**What to work on:** Only certain lines below are wanted: those starting at the line containing "Natural Picture Jasper" and ending at the line containing "(서울=포커스뉴스) 21일 오전", both included, each retyped exactly.

**Records supplied:**
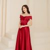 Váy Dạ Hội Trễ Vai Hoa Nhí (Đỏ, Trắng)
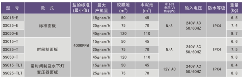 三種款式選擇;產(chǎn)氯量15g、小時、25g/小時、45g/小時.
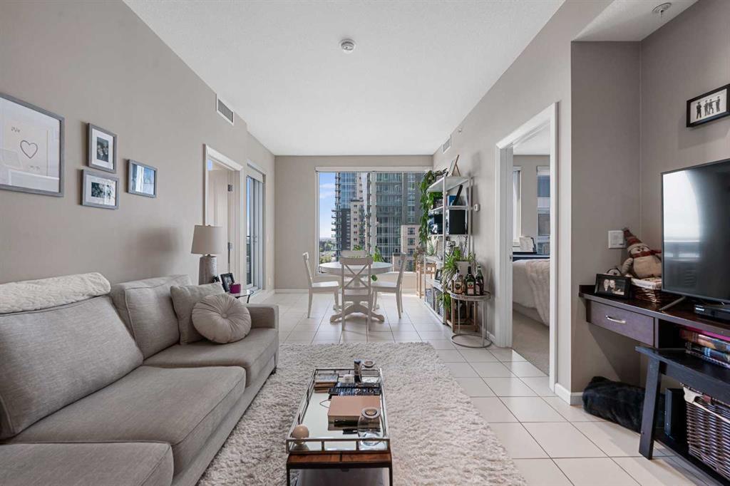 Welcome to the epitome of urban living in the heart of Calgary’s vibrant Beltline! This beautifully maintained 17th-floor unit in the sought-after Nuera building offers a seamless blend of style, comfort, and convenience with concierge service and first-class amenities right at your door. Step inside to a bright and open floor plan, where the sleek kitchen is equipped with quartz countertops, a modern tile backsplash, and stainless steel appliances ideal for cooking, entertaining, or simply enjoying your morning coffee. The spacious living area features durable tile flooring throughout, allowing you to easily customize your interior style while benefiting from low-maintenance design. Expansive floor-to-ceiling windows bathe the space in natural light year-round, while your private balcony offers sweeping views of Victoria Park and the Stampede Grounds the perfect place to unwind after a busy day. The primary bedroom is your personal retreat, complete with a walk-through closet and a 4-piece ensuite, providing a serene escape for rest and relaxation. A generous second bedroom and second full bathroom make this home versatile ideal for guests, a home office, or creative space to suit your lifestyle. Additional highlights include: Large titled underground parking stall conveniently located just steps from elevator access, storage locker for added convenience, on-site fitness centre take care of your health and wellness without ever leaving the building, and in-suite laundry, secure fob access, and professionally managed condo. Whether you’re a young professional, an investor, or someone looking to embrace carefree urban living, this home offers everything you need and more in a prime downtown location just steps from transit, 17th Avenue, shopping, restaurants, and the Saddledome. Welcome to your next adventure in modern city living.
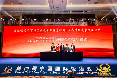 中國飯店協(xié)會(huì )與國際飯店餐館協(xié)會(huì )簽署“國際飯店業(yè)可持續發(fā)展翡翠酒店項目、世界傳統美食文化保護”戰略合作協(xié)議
---
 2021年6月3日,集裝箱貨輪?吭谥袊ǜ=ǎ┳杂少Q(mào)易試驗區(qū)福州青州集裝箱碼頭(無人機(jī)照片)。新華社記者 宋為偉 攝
==
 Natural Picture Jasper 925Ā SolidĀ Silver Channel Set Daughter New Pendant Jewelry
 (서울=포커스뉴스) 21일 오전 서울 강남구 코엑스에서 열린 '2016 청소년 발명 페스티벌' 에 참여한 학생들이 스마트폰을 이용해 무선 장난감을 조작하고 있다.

**Response for this exercise:**
 Natural Picture Jasper 925Ā SolidĀ Silver Channel Set Daughter New Pendant Jewelry
 (서울=포커스뉴스) 21일 오전 서울 강남구 코엑스에서 열린 '2016 청소년 발명 페스티벌' 에 참여한 학생들이 스마트폰을 이용해 무선 장난감을 조작하고 있다.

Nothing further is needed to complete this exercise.